The Armenian words for carpet are "karpet" (կարպետ) or "gorg" (գորգ). Though both words in Armenian are synonymous, word "karpet" is mostly used for non-pile rugs and "gorg" is for a pile carpet.

Two of the most frequently used terms to designate woven woolen floor coverings emanate directly from the Armenian experience: carpet and kali/khali. The term "kapert" (կապերտ), formed of root "kap" (կապ) that means "knot", later to become "karpet" (կարպետ) in colloquial Armenian, is used in the 5th-century Armenian translation of the Bible (Matthew 9:16 and Mark 2:21). It is assumed that the word "carpet" entered into French (carpette) and English (carpet) in the 13th century (through Medieval Latin carpita, meaning "thick woolen cloth") as a consequence of the trade in rugs through the port cities of the Armenian kingdom of Cilicia. Francesco Balducci Pegolotti, a Florentine merchant stationed in Cyprus, reported in his La pratica della mercatura that from 1274 to 1330, carpets (kaperts) were imported from the Armenian cities of Ayas and Sis to Florence.

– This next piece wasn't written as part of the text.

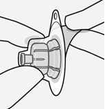 Trekk blisterposen opp halvveis, og bruk den til å ta tak i basen på nålen som vist. Mens du holder i den hvite kragen, festes sprøyten til nålens luerkobling med en bestemt vridende bevegelse med klokken til den sitter godt. Ikke ta på nålens lueråpning. Det vil føre til kontaminering.

Armenian word "gorg" (գորգ) is first mentioned in written sources in the 13th century. This word ("gorg") is in the inscription that was cut out in the stone wall of Kaptavan Church in Artsakh (Karabagh) and is dated by 1242—1243 AD. Grigor Kapantsyan, professor of Armenian Studies, considered that Armenian "gorg" (գորգ) is a derivative of Hittite-Armenian vocabulary, where it existed in the forms of "koork" and "koorkas". Edgar H. Sturtevant, an expert in Hittite studies, explains the etymology of word "koork"/"koorkas" as "horse cloth".

As for the Persian "qali", which entered into Turkish as "qali" or as "khali" in Anatolia Ottoman Turkish and Armenian, it derives from the city of Theodosiopolis-Karin-Erzerum, known to the Arabs as Qali-qala from the Armenian "Karnoy k‘aghak", the "city of Karin". The name "Erzerum" itself, as is well known, is of Armenian origin from the usage Artzen ar-Rum. This latter term came into being after the destruction of the important Armenian commercial center of Artzen, 15 kilometers east of Theodosiopolos-Karin, by the Seljuks in 1041 after which the inhabitants fled to Karin, then in Rum, that is in Byzantine territory, renaming it Artzen in Rum or Arzerum/Erzerum/Erzurum.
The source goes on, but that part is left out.